#### BRIEF
Could you repeat, exactly and with no pictures, only the lines from the start of the records through the line containing "joined together at"?

#### SOURCE INFORMATION
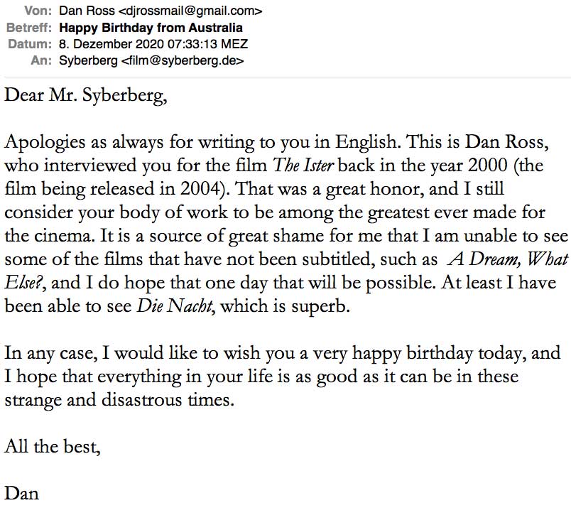 Als er kam einen Film über die Donau zu machen mit viel Hölderlin, war, mitte der 90er Jahre sehr viel anderes wichtiger zu überleben. Der Film entstand und kam viel rum. Nun kommt er so zurück mit den richtigen Worten als erster des Tages.
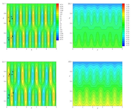 Figure 7a–d, illustrate the streamlines and isotherms for different values of
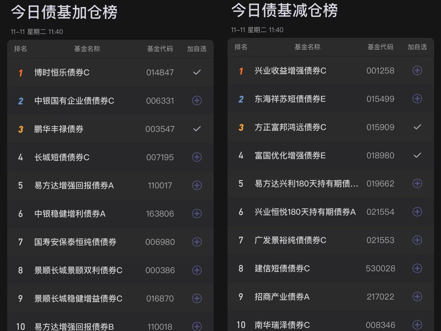$博时恒乐债券A(OTCFUND|014846)$ $富国优化增强债券E(OTCFUND|018980)$ $南方中债7-10年国开行债券指数E(OTCFUND|013594)$ $永赢稳健增强债券C(OTCFUND|014089)$ $博时裕乾纯债债券C(OTCFUND|002404)$ $光大增利收益债券A(OTCFUND|360008)$ $景顺长城稳健增益债券C(OTCFUND|016870)$ $万家锦利债券发起式C(OTCFUND|020219)$ $长盛盛裕纯债D(OTCFUND|015736)$ $国泰惠丰纯债债券A(OTCFUND|007214)$
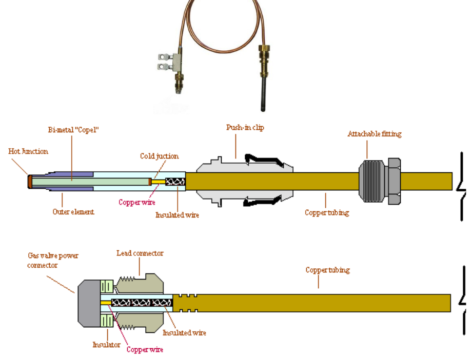 joined together at a ‘hot junction’ or welded tip. When the hot junction is heated by the pilot light to
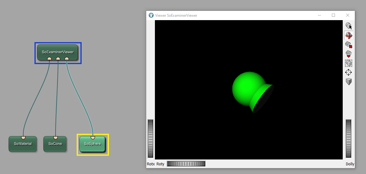 In order to do that, add the module SoSphere to the workspace. Connect this module to SoExaminerViewer. When connecting SoSphere to an input on the right side of the connection between the viewer and the module SoMaterial, the sphere is also colored in green. One problem now is that currently both objects are displayed at the same position.
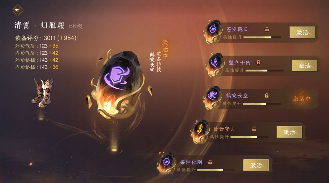 鞋子:有金震海就带,没有就紫色的也行,都没有就带鹤唳长空。
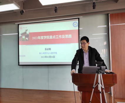 随后,彭必雨院长从学校主要目标及任务、学院情况分析、学院建设目标及思路三方面向全院教职工深入分析了学院�“十四五”和新一轮“双一流”建设发展中面临的优劣势,提出了下一步工作思路与举措。彭院长提出,各专业/学科需进一步凝练学科发展方向和目标,以“碳中和+”�“医�+”、“信�+”等国家重大发展战略为契机,深入探索学科/专业交叉融合的途径,深入思考新工科如何“破题”,奋斗“十四五”、聚焦“双一流”,实现高质量人才培养、高层次人才队伍和高水平科学研究,全面推进学院高质量内涵式发展�
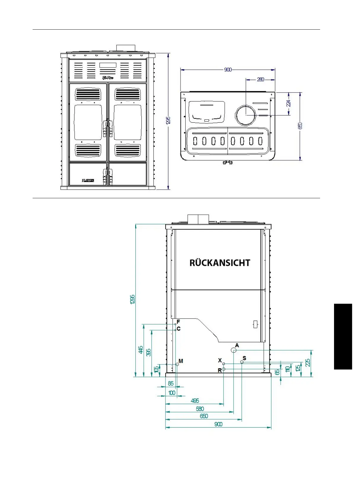 A = LUFTANSAUGUNG (Seite Pellets) Ø 43 mm
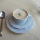 Krebssuppe als Vorspeise wurde gewählt und Besteck + Papier-Serviette (in ordentlicher Qualität) gebracht, die Suppe nach knapp 10 Min. serviert. Die Krebse waren Krabben, die Suppe mit einem Sahneklecks oben drauf serviert, solide gut zubereitet, geschmacklich gut, rund und lecker, sicher auf Basis einer Hummerpaste zubereitet. Durchaus einen Empfehlung wert. 4,80 €- das PLV passt.
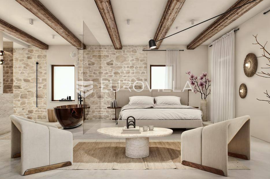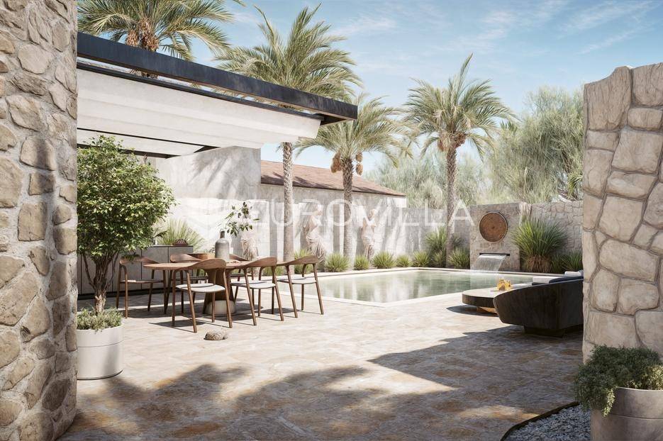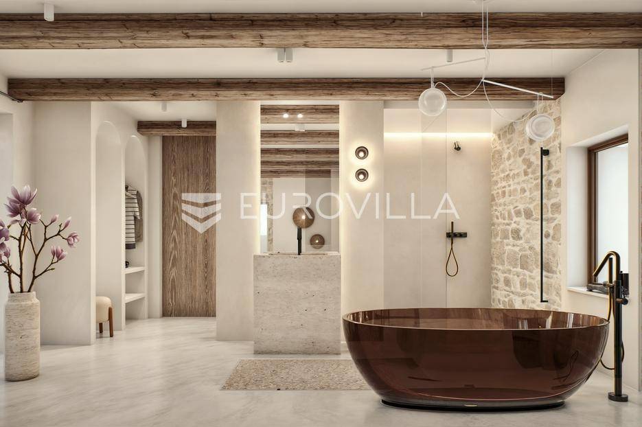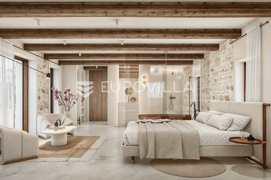 Ova vila s 4 spavaće sobe prostire se na impresivnih 400 četvornih metara stambenog prostora ispod raskošnih stropova visokih 3 metra, koji pojačavaju njezin osjećaj prostranosti. Klasična mediteranska arhitektura sa svojim očaravajućim kamenim zidovima utjelovljuje bezvremensku eleganciju, pozivajući vas u svijet profinjenosti.
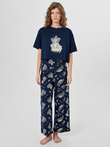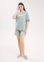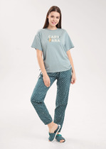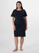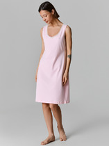 Сорочка женская из трикотажного полотна «кулирка» с набивным рисунком, расширенная книзу, без рукавов, с расширенной, углубленной горловиной овальной формы и притачной кокеткой по переду. Срезы пройм и горловины, а также шов притачивания кокетки, обработаны фасонной эластичной тесьмой с кружевным краем. Низ изделия обработан узкой обметочной строчкой.
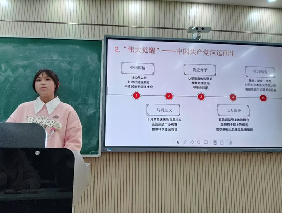 “星星之火,可以燎原”。只要坚持正确的革命策略和路线,即使是在艰难困苦中的小规模斗争,也能够发展成为全国范围内的大革命。陈丽娜同学分析了《中国共产党和中国革命战争》章节内容,结合当时的重大革命事件,阐述了中国共产党一百多年来的艰苦奋斗历程及其深刻影响,帮助同学们进一步理解历史和人民选择中国共产党的历史逻辑。
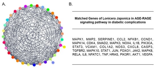 (A) The LJ network consisting of 34 nodes and 543 edges. (B) LJ genes matched with genes in the AGE-RAGE signaling pathway in the diabetic complications network (34 matched genes in total).
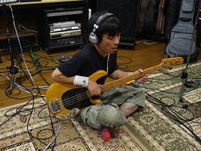 独特なスタイルでベースを録音する利光さん。
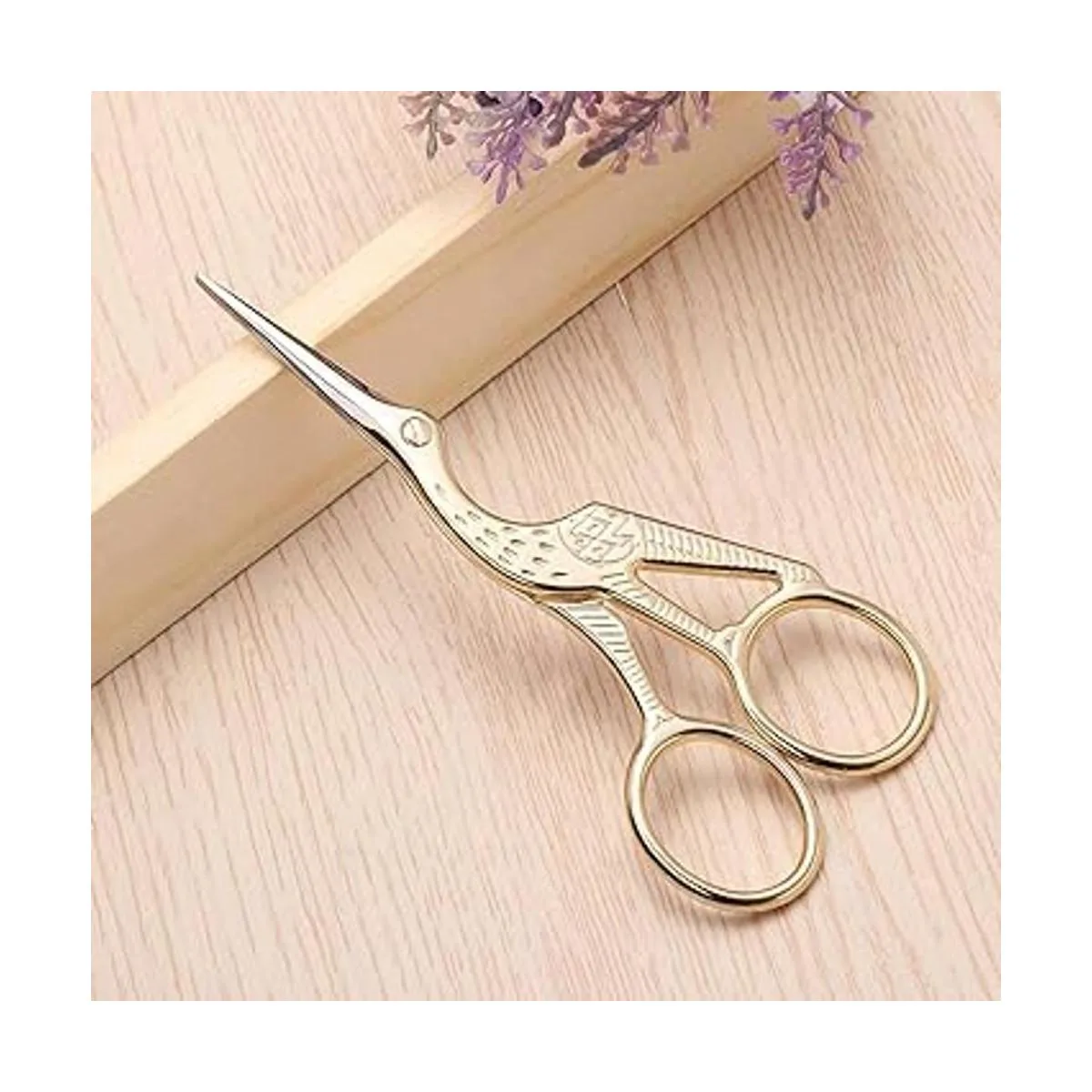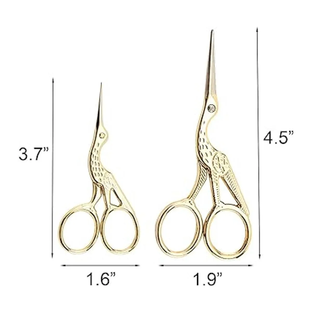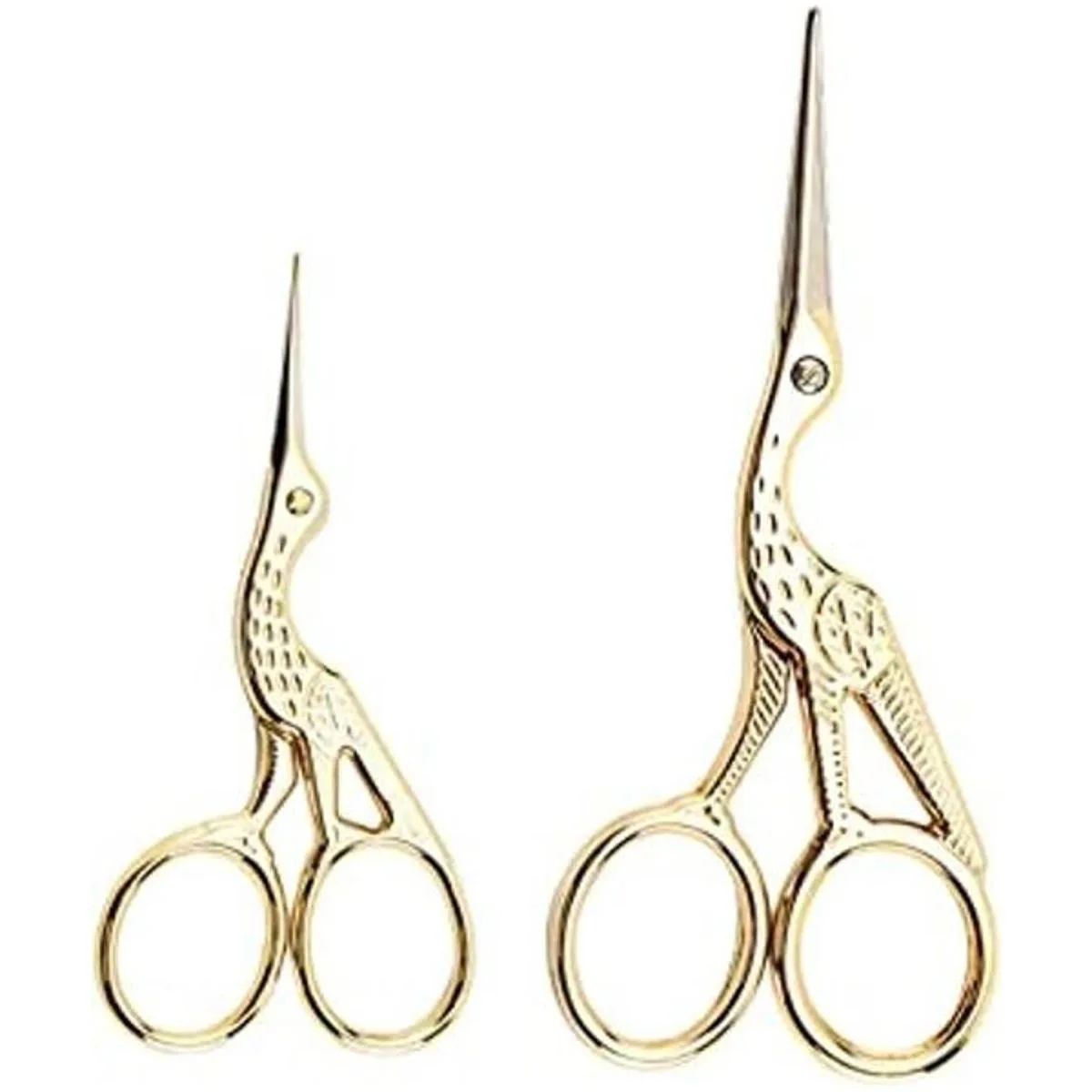 Acronde 2 tijeras de costura vintage con forma de cigeña, tijeras de sastre de acero inoxidable para bordado, costura, manualidades, trabajo de arte y uso diario dorado

#### EXERCISE ANSWER
 Als er kam einen Film über die Donau zu machen mit viel Hölderlin, war, mitte der 90er Jahre sehr viel anderes wichtiger zu überleben. Der Film entstand und kam viel rum. Nun kommt er so zurück mit den richtigen Worten als erster des Tages.
 Figure 7a–d, illustrate the streamlines and isotherms for different values of
$博时恒乐债券A(OTCFUND|014846)$ $富国优化增强债券E(OTCFUND|018980)$ $南方中债7-10年国开行债券指数E(OTCFUND|013594)$ $永赢稳健增强债券C(OTCFUND|014089)$ $博时裕乾纯债债券C(OTCFUND|002404)$ $光大增利收益债券A(OTCFUND|360008)$ $景顺长城稳健增益债券C(OTCFUND|016870)$ $万家锦利债券发起式C(OTCFUND|020219)$ $长盛盛裕纯债D(OTCFUND|015736)$ $国泰惠丰纯债债券A(OTCFUND|007214)$
 joined together at a ‘hot junction’ or welded tip. When the hot junction is heated by the pilot light to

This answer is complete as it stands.